Exercise materials Block Start

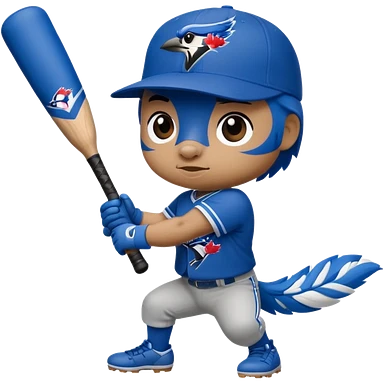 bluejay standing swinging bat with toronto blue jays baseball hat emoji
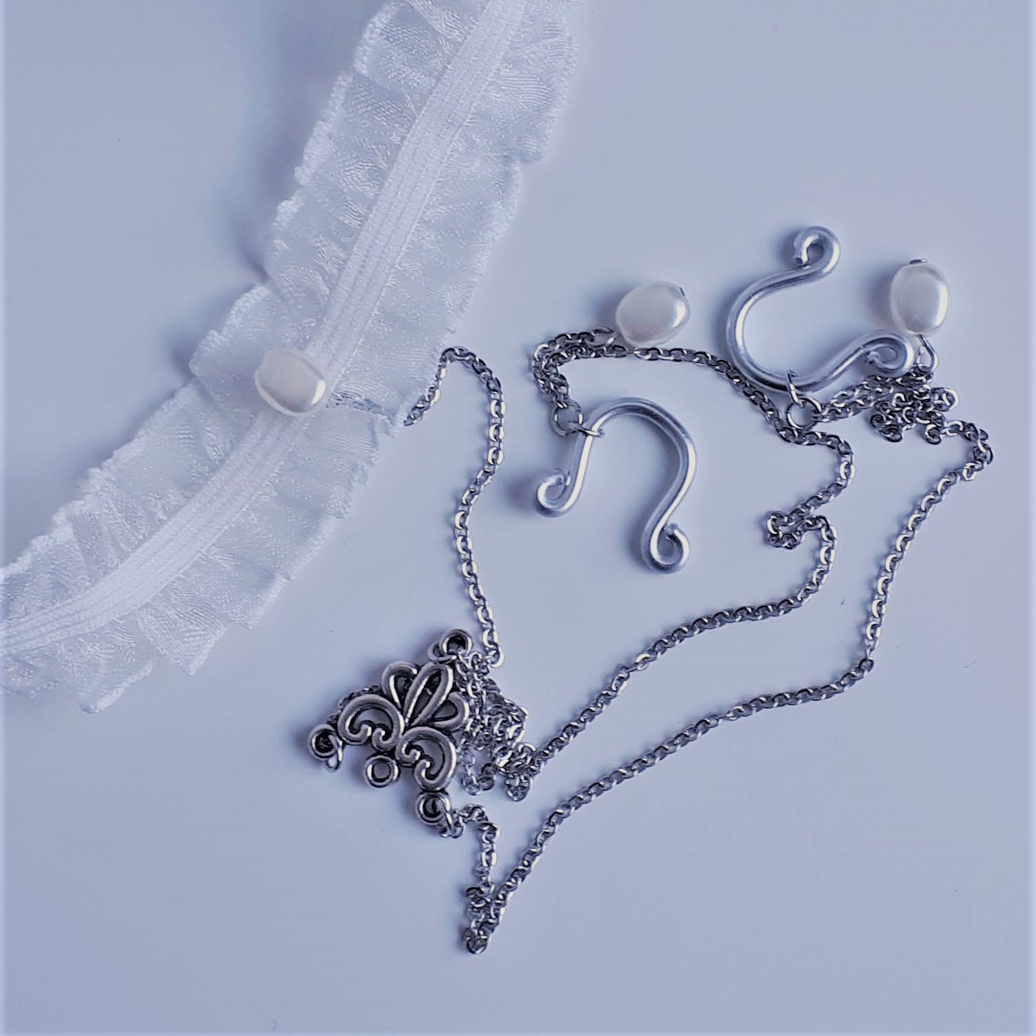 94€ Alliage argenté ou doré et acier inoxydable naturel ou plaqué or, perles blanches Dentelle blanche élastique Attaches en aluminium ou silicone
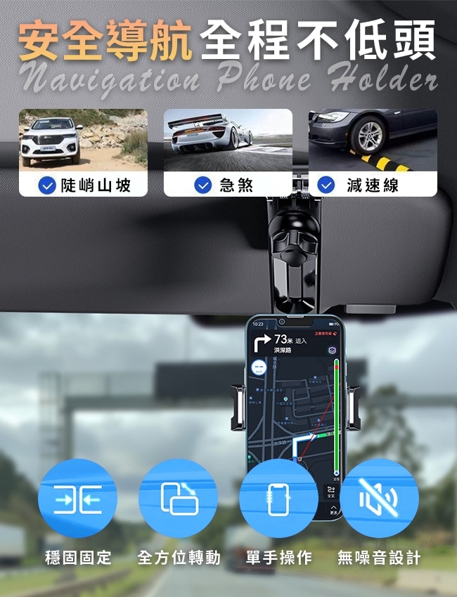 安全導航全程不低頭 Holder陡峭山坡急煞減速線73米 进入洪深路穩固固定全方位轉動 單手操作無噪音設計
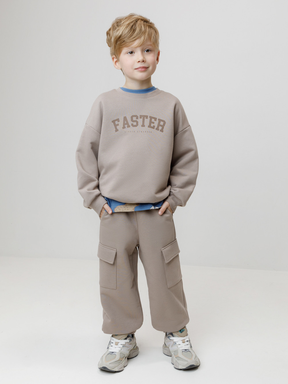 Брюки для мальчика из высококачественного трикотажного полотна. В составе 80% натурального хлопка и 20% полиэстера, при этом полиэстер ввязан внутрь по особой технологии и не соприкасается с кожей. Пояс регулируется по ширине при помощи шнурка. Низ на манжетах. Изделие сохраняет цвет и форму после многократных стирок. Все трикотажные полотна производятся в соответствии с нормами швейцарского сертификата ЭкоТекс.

Exercise materials Block End
Exercise materials Block Start

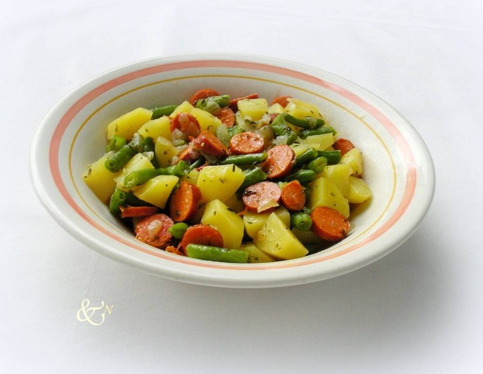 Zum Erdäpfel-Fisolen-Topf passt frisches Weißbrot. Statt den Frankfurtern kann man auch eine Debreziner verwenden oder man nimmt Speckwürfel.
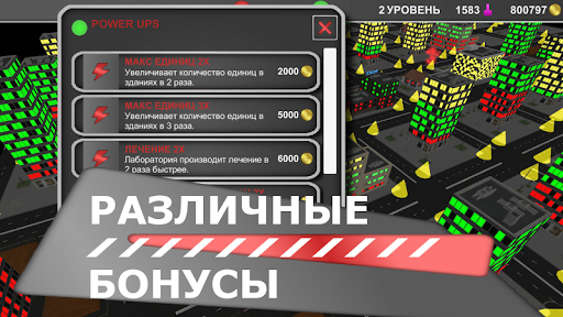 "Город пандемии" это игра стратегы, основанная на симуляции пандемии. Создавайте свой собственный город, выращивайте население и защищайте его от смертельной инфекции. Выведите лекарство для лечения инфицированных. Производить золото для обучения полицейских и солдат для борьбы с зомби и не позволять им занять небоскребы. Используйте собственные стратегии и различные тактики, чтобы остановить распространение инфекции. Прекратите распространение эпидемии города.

Exercise materials Block End

- [What is required]: Look back at the data above, then output exactly the lines from the line holding "94€ Alliage argenté" up to and including the line holding "Брюки для мальчика". Leave out the pictures.

- [Written response]:
 94€ Alliage argenté ou doré et acier inoxydable naturel ou plaqué or, perles blanches Dentelle blanche élastique Attaches en aluminium ou silicone
 安全導航全程不低頭 Holder陡峭山坡急煞減速線73米 进入洪深路穩固固定全方位轉動 單手操作無噪音設計
 Брюки для мальчика из высококачественного трикотажного полотна. В составе 80% натурального хлопка и 20% полиэстера, при этом полиэстер ввязан внутрь по особой технологии и не соприкасается с кожей. Пояс регулируется по ширине при помощи шнурка. Низ на манжетах. Изделие сохраняет цвет и форму после многократных стирок. Все трикотажные полотна производятся в соответствии с нормами швейцарского сертификата ЭкоТекс.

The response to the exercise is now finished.